Claude Sonnet 4.6 is the best model for most production use cases — top-tier coding, excellent instruction following, and strong value at $3/$15 per 1M tokens. Use Haiku 4.5 for high-volume simple tasks ($1/$5 per 1M tokens), Sonnet 4.6 for most everything else ($3/$15), and Opus 4.6 for the most capable reasoning, agentic workflows, and complex coding ($5/$25). The API is OpenAI-compatible-ish but with key differences in tool use, content blocks, and prompt caching that make the switch non-trivial. Here's everything you need.

Key Takeaways

Model lineup: Haiku 4.5 (fast/cheap) → Sonnet 4.6 (best value) → Opus 4.6 (most capable)
Prompt caching: up to 90% cost reduction on repeated context — killer feature for RAG and chatbots
Adaptive thinking: Claude dynamically decides when and how deeply to reason, dramatically improves complex tasks
Tool use: stop_reason: "tool_use" pattern, mixed text+tool content blocks in same response
Vision: images in image content blocks, supports base64 and URLs
Context window: 200K tokens on all models — the longest context in production LLMs

Models and Pricing (2026)

Model	Input $/1M	Output $/1M	Context	Best For
claude-haiku-4-5	$1.00	$5.00	200K	High-volume, fast tasks
claude-sonnet-4-6	$3.00	$15.00	200K (1M beta)	Most production use cases
claude-opus-4-6	$5.00	$25.00	200K (1M beta)	Agentic workflows, complex reasoning

Recommendation: Default to claude-sonnet-4-6 for most production use cases. Use claude-opus-4-6 for agentic coding and complex reasoning tasks.

Basic Setup

// npm install @anthropic-ai/sdk
import Anthropic from '@anthropic-ai/sdk';

const anthropic = new Anthropic({
  apiKey: process.env.ANTHROPIC_API_KEY,
});

// Basic completion:
const message = await anthropic.messages.create({
  model: 'claude-sonnet-4-6',
  max_tokens: 1024,
  messages: [
    { role: 'user', content: 'Explain async/await in 3 sentences.' }
  ],
});

console.log(message.content[0].text);

// With system prompt:
const message = await anthropic.messages.create({
  model: 'claude-sonnet-4-6',
  max_tokens: 2048,
  system: `You are an expert TypeScript engineer. Be concise and precise.
Always include types in code examples. Use const over let.`,
  messages: [
    { role: 'user', content: 'Write a retry wrapper for async functions.' }
  ],
});

Streaming

// Streaming with async iterator:
const stream = await anthropic.messages.stream({
  model: 'claude-sonnet-4-6',
  max_tokens: 1024,
  messages: [{ role: 'user', content: 'Write a haiku about TypeScript.' }],
});

// Stream text chunks:
for await (const text of stream.textStream) {
  process.stdout.write(text);
}

// Or get the final message after streaming:
const finalMessage = await stream.getFinalMessage();
console.log(finalMessage.usage);  // { input_tokens: 12, output_tokens: 42 }

// Server-Sent Events for Next.js App Router:
export async function POST(req: Request) {
  const { messages } = await req.json();

  const stream = await anthropic.messages.stream({
    model: 'claude-sonnet-4-6',
    max_tokens: 1024,
    messages,
  });

  // Convert to ReadableStream for Response:
  return new Response(
    new ReadableStream({
      async start(controller) {
        const encoder = new TextEncoder();
        for await (const text of stream.textStream) {
          controller.enqueue(encoder.encode(`data: ${JSON.stringify({ text })}\n\n`));
        }
        controller.enqueue(encoder.encode('data: [DONE]\n\n'));
        controller.close();
      },
    }),
    { headers: { 'Content-Type': 'text/event-stream' } }
  );
}

Prompt Caching: 90% Cost Reduction

Prompt caching is Anthropic's biggest cost-optimization feature. If you're sending the same long system prompt or context repeatedly, mark it for caching and pay 90% less on subsequent requests.
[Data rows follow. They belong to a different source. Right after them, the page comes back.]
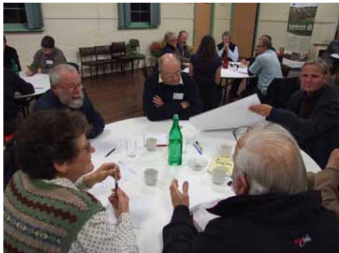
Landcare community consultation underway in Axedale, June 2009.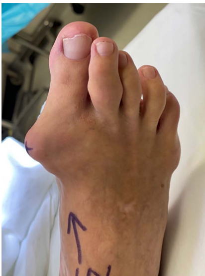
Gouty tophus associated with hallux valgus deformity and painful tophus in the second toe.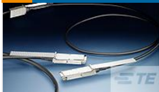
TE Part # 2202165-5 QSFP TO QSFP, 26AWG, FDR, 5.0 METER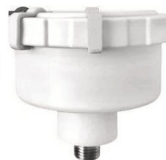
OBS-GO-C Center Mount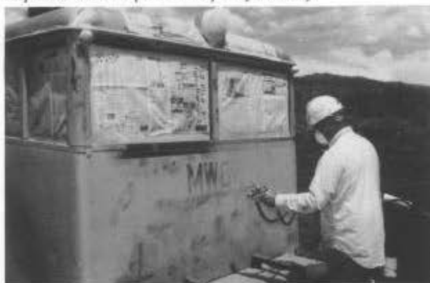
Kevin Bruce sprays inspection car MW02 with primer in the Chama yard. Work started last year was continued. The volunteer crew replaced rear brake shoes and freed and adjusted the rear brake linkage. To improve engine cooling, a duct between the radiator and the body was installed along with a rebuilt fan shroud. Other work included upgrading elements of the fuel system, repairing a leak in the final drive for the rear axle, and installing new interior door panels. The car was also driven on a test run.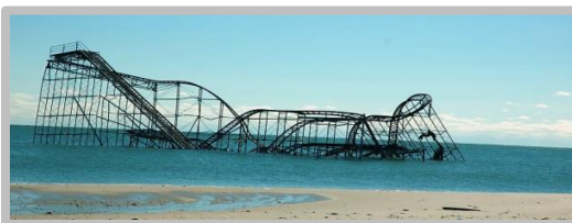
The Jersey Shore.

Sea Grant has more than 360 extension agents who live in, and are closely connected to, the communities they serve. When disaster strikes, Sea Grant agents are uniquely positioned to identify existing resources and help disaster recovery experts work within the community. Seventeen Sea Grant programs along the east coast and Great Lakes serve communities affected by Sandy, to address impacts ranging from increased erosion in Florida to the devastation of entire communities in New York and New Jersey. Sea Grant agents' trusted reputations allow them to be effective liaisons within local governments. The strong community relationships allow agents access to isolated populations, such as rural fishing communities, even in the aftermath of a disaster. While the impacts from the storm will be felt for years to come, the hard work and long-term investments in resiliency research and outreach by Sea Grant has helped communities become more resilient in the face of coastal hazards like Hurricane Sandy.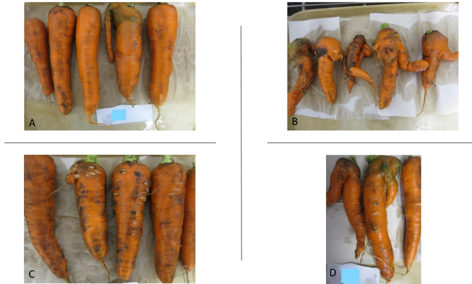
Figure 1. Carrot quality (Marketable vs. unmarketable (forked and rotten)) of randomly collected carrots at site 1 (A), site 2 (B), site 3 (C), and site 4 (D).

significantly higher at site 1 compared with site 4. MI25 was significantly higher at site 1 compared with sites 3 and 4. Similarly, MI25 was significantly higher at site 2 compared with site 4.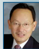
JUSTICE MING W. CHIN (Ret.) Former Calif. Supreme Court Justice ADR Services, Inc. KEYNOTE CONVERSATION

// Without caching: pay full price for system prompt on every request
// With caching: pay once (write), then ~10% on subsequent reads

const systemPrompt = `You are an expert software architect with 20 years of experience.
[...imagine 10,000 tokens of detailed instructions, examples, and context...]
`;

// Mark the system prompt for caching:
const message = await anthropic.messages.create({
  model: 'claude-sonnet-4-6',
  max_tokens: 1024,
  system: [
    {
      type: 'text',
      text: systemPrompt,
      cache_control: { type: 'ephemeral' },  // ← Enable caching
    },
  ],
  messages: [
    { role: 'user', content: 'Review this PR description...' }
  ],
});

// First request: full price (cache write)
// Subsequent requests within 5 minutes: 90% cheaper (cache read)
// Cache write: 25% premium over base input price
// Cache read: ~90% discount vs uncached input price

// Cache large context (like documentation or a codebase):
const docsContext = fs.readFileSync('docs/api-reference.md', 'utf-8');

const response = await anthropic.messages.create({
  model: 'claude-sonnet-4-6',
  max_tokens: 1024,
  system: 'You are a helpful developer support assistant.',
  messages: [
    {
      role: 'user',
      content: [
        {
          type: 'text',
          text: `Here is our API documentation:\n\n${docsContext}`,
          cache_control: { type: 'ephemeral' },  // Cache the long context
        },
        {
          type: 'text',
          text: userQuestion,  // Not cached — changes each request
        },
      ],
    },
  ],
});

// Check cache status:
console.log(response.usage);
// { cache_creation_input_tokens: 15000, cache_read_input_tokens: 0, input_tokens: 50 }
// → First request: writing cache
// On second request: cache_read_input_tokens: 15000 (90% cheaper)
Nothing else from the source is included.